Populator 102 then rechecks these links at some later time and
updates index 120 accordingly.
[0021] FIGS. 2A and 2B depict a flowchart that illustrates a method
for determining relevancy ratings for words in web pages, web
sites, and resources on the Internet. FIG. 3 is a block diagram
which graphically illustrates how a web page is divided into
categories according to the method illustrated in the flowchart of
FIGS. 2A and 2B.
[0022] In step 200, populator 102 retrieves a web page 302 as shown
in FIG. 3. Web page 302 contains various forms of content
comprising images 318 and text 316. In step 202, the header text is
stripped from the web page and placed in a header bucket 304. The
word bucket herein is used to conceptually indicate a storage
location where a group of words are temporarily stored. After the
header has been stripped off, the remaining text of the web page is
referred to as the body of the web page. In step 204, the hidden
words are stripped off the remainder of the webpage and placed in a
hidden word bucket 306. Hidden words are words that are located in
the web page but are not visible to the Internet user. Hidden words
can be detected by populator 102 by looking for words having the
same font color as the background.
[0023] After the hidden words have been stripped off and placed in
hidden word bucket 306, web page 302 is left with the text minus
the header and the hidden words. In step 206, natural sentences are
then detected. A natural sentence can be detected, for example, by
looking for a period which signals the end of a sentence. Words in
the sentence can be scanned to the left to find the next period to
determine the end of the previous sentence. Any words which are not
part of a sentence are then stripped off and placed in a
non-sentence bucket 308. Other methods of detecting natural
sentences may be used as well.
[0024] In step 208, repetitive words within sentences are detected
and stripped off into repetitive words bucket 310. For example, if
the same word is repeated more than once in a row, then all but one
of the copies of the word are stripped off and placed in repetitive
words bucket 310. Alternatively, if the same word is used more than
n times within a single sentence, it can be stripped off and placed
in repetitive words bucket 310.
[0025] In step 210, all words which are not nouns are stripped off
and placed in non-noun bucket 312. For example, verbs, adjectives,
and prepositions are all paced in non-noun bucket 312. After all of
these steps, the words remaining in web page 302 will all be
non-hidden, non-repetitive, non-header nouns found within
sentences. In step 212, these remaining nouns are placed in noun
bucket 314.
[0026] In step 214, a list of commonly used words corresponding to
web page 302 is determined. This is done by accessing a table of
commonly used words 400 shown in FIG. 4. The manner in which the
list of commonly used words is obtained is described in more detail
later with respect to FIGS. 4 and 5. In step 216, each bucket is
further subdivided into a common bucket 320 and an uncommon bucket
322. In this manner, all of the words in a bucket which are on the
list of commonly used words are placed in the common bucket 320,
and the other words are placed in uncommon bucket 322. In an
implementation, all of the words from the text of web page 302 are
divided into, for example, 12 buckets: 6 common buckets, and 6
uncommon buckets.
[0027] In step 218, a relevancy rating is determined for each word
in each bucket. The relevancy rating is a measure of how many times
the word appears in the bucket. For example, if the word "Java"

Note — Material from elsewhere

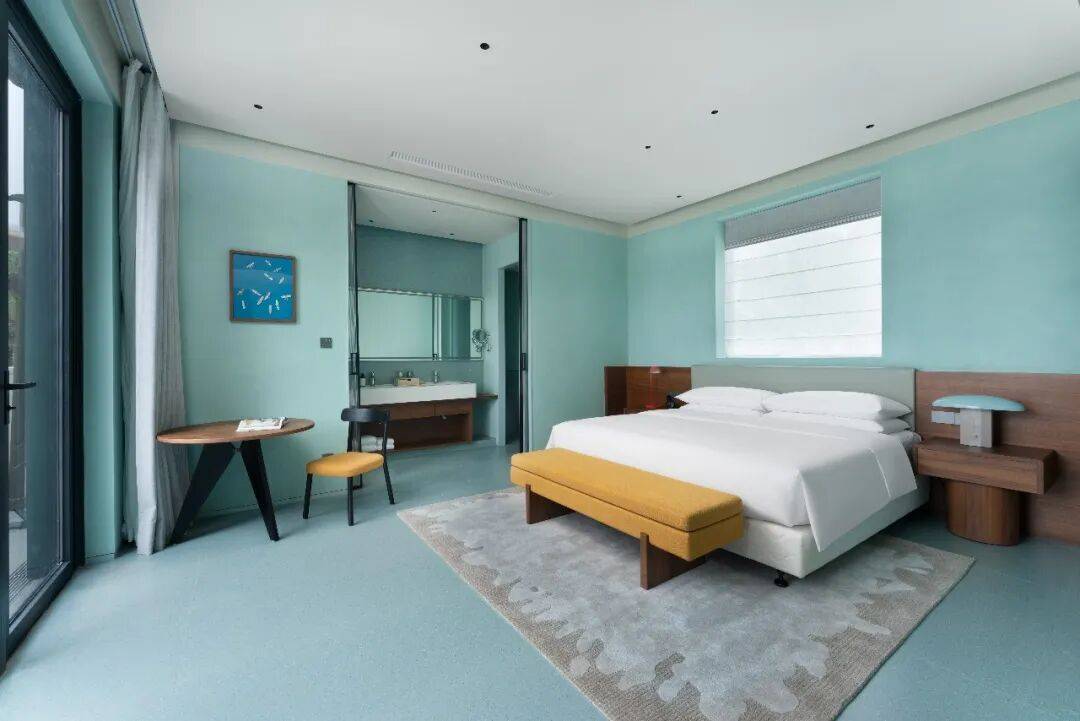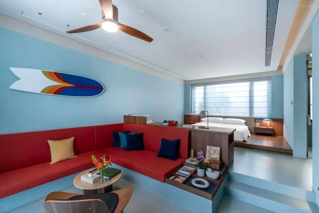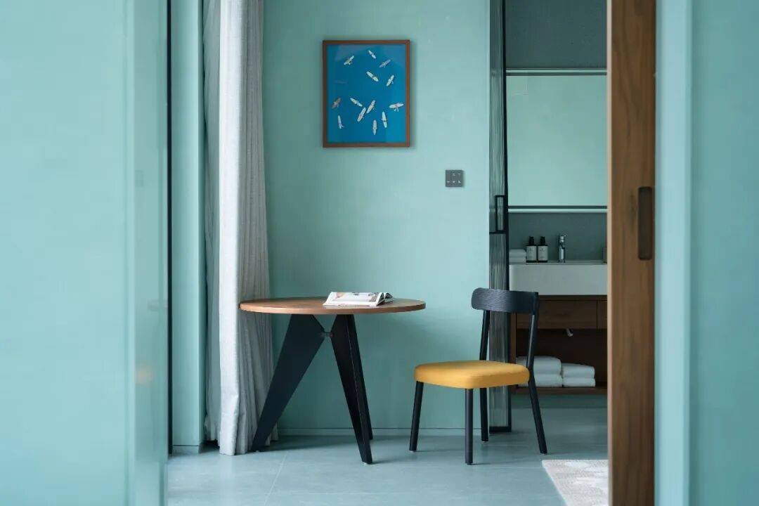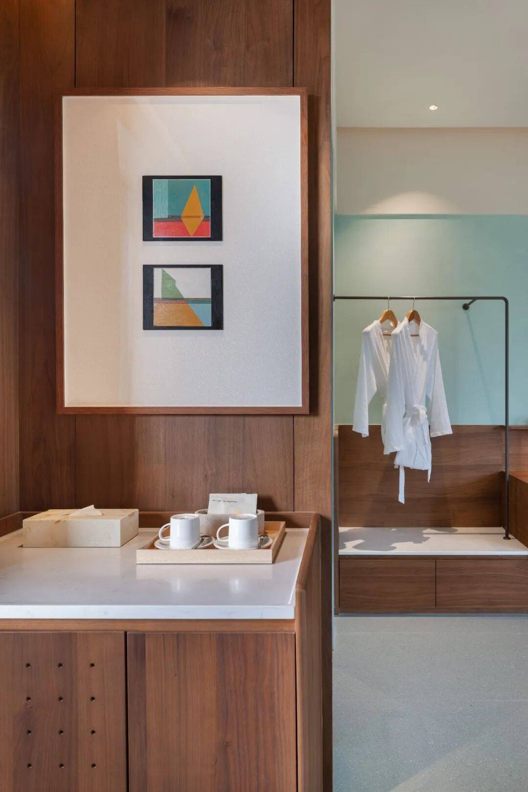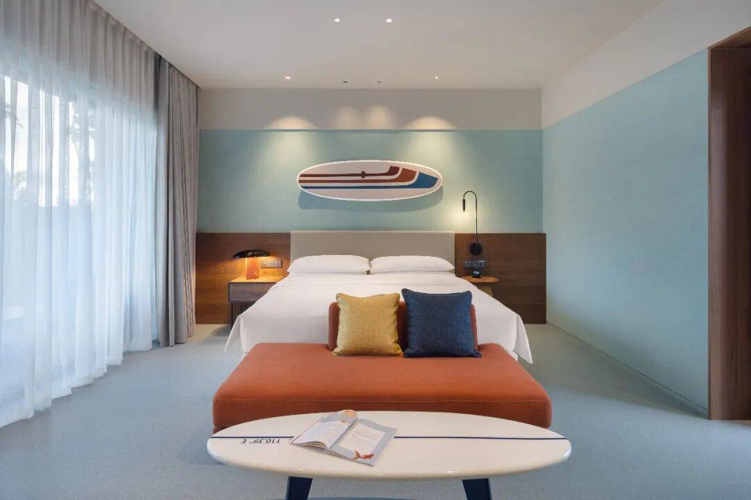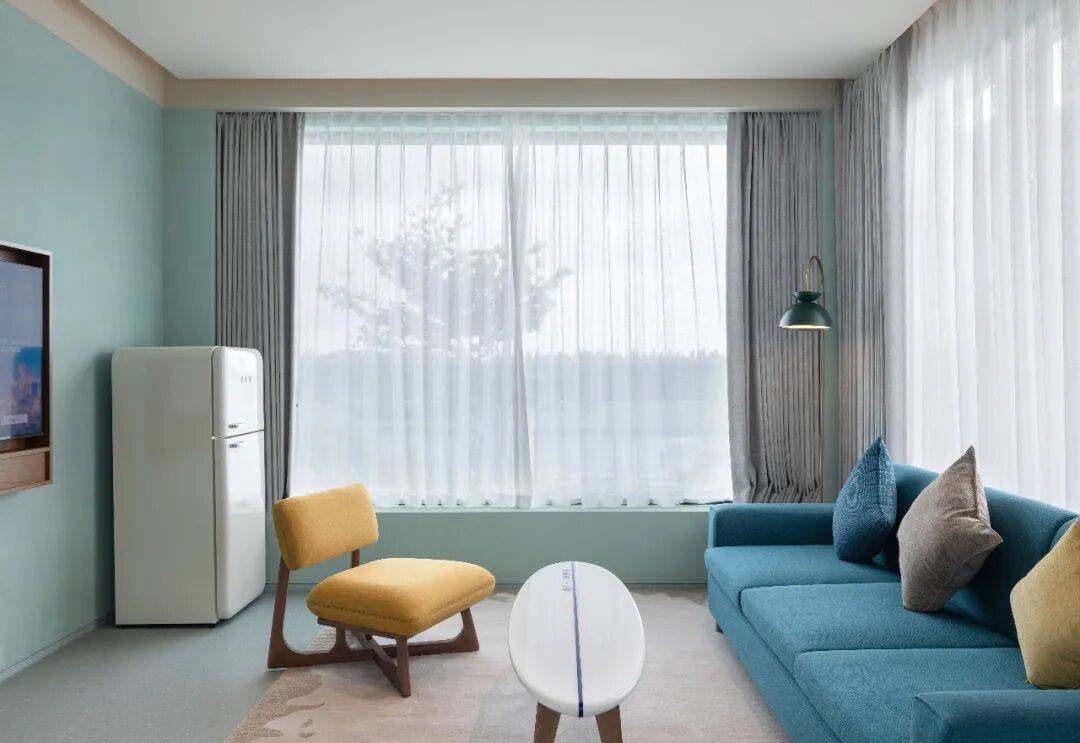客房区分为两部分,3号楼设有冲浪主题大床房/双床房81间,2号楼设有冲浪主题庭院房18间及套房8间。客房均以蓝绿色调为基础,在一定高度设置分割线,上部米色下部蓝色,创造出丰富的空间层次。客人能接触到的区域选择胡桃木为主材,提升品质感的同时带来温润的触感,软装上也选择多巴胺色彩、并与冲浪文化相关的家具配饰进行点缀。

appears seven times in the common bucket of non-noun bucket 312
then "Java" would be assigned a relevancy rating R9=7 for that
bucket. Thus, 12 relevancy ratings R1-R12 can be determined for
each word appearing in web page 302. For example, the word "Java"
will have twelve relevancy ratings R1 through R12.
[0028] In step 220, each relevancy rating is weighted by a
weighting factor W which is unique to the particular bucket. For
example, R1, the relevancy rating for the first bucket, is
multiplied by W1, the weighting factor for the first bucket. Other
methods of weighting beside straight multiplication could be used.
For example, R1 could be squared then multiplied by W1.sup.2.
[0029] In step 222, the weighted relevancy ratings are summed to
determine a web page relevancy rating R for each word. Thus
R=R1W1+R2W2+R3W3+R4W4+R5W5+R6W6+R7W7+R8W8+R9W9+R10W10+R11W11+R12W12.
[0030] In step 224, the web page relevancy ratings R for each word
found on web page 302 are added to index 120. In step 226,
populator 102 retrieves another web page in the same web site. In
step 228, steps 200 through 224 are repeated for each web page in
the web site. A web site is a grouping of multiple web pages. For
example, a web site named www.website.com might include many web
pages, for example, named www.website.com/page1.htm,
www.website.com/page2.htm, www.website.com/page3.htm and so on.
Each web page is retrieved individually. Each word on every page is
given a relevancy ranking which is added to index 120. After all
the pages in a web site have been retrieved and indexed, then in
step 230 a web site relevancy ranking for each word is calculated
by summing the web page relevancy rankings for each page. For
example, suppose the word "Java" has the following web page
relevancy rankings on five different web pages within the web site:
73, 100, 200, 50, and 40. Then the word "Java" would have a web
site relevancy ranking for this site of the sum: 463.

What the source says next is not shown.